» EXERCISE AIM:
The answer must be an exact copy of the lines from the one containing "レーザーを発射してデブリを撃" through the end of the records, with the pictures left out.

[Extracted records]
>>
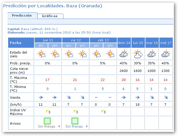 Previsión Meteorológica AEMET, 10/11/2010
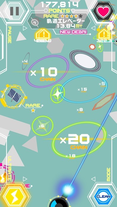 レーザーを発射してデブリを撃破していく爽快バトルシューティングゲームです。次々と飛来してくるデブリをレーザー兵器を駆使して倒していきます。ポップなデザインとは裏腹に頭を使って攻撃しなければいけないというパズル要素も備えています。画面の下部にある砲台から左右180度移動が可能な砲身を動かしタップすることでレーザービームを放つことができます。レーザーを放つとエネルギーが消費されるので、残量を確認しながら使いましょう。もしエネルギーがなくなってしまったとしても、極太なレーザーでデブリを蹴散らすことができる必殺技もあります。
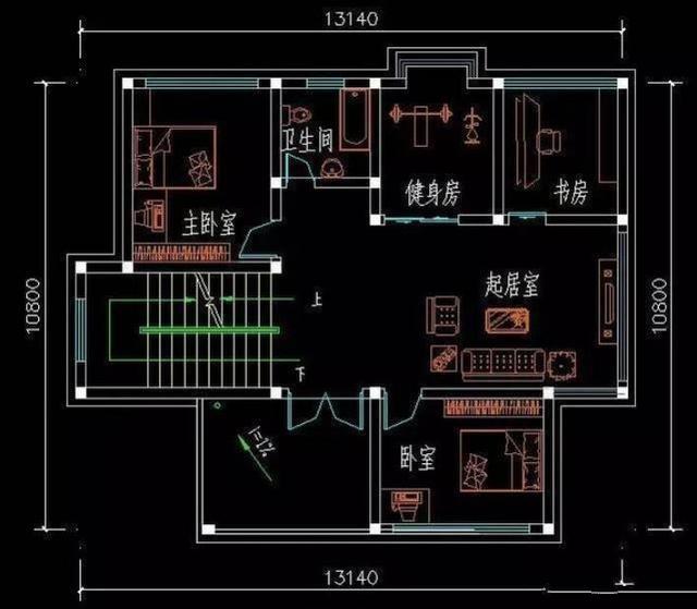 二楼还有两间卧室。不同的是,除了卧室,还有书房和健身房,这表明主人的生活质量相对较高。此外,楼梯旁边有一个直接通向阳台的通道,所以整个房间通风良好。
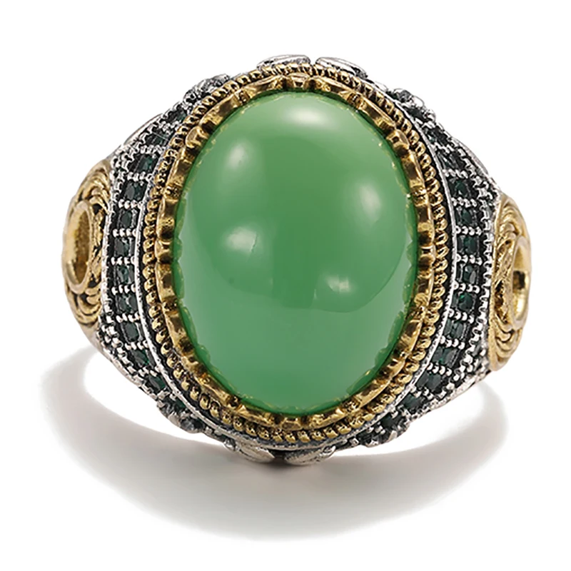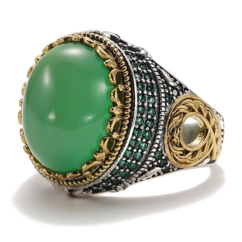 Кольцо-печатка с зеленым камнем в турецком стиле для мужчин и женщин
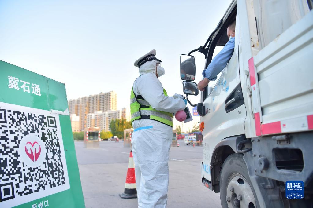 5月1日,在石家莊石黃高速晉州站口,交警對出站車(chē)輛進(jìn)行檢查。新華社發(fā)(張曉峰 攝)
<<
» THE ANSWER:
 レーザーを発射してデブリを撃破していく爽快バトルシューティングゲームです。次々と飛来してくるデブリをレーザー兵器を駆使して倒していきます。ポップなデザインとは裏腹に頭を使って攻撃しなければいけないというパズル要素も備えています。画面の下部にある砲台から左右180度移動が可能な砲身を動かしタップすることでレーザービームを放つことができます。レーザーを放つとエネルギーが消費されるので、残量を確認しながら使いましょう。もしエネルギーがなくなってしまったとしても、極太なレーザーでデブリを蹴散らすことができる必殺技もあります。
 二楼还有两间卧室。不同的是,除了卧室,还有书房和健身房,这表明主人的生活质量相对较高。此外,楼梯旁边有一个直接通向阳台的通道,所以整个房间通风良好。
 Кольцо-печатка с зеленым камнем в турецком стиле для мужчин и женщин
 5月1日,在石家莊石黃高速晉州站口,交警對出站車(chē)輛進(jìn)行檢查。新華社發(fā)(張曉峰 攝)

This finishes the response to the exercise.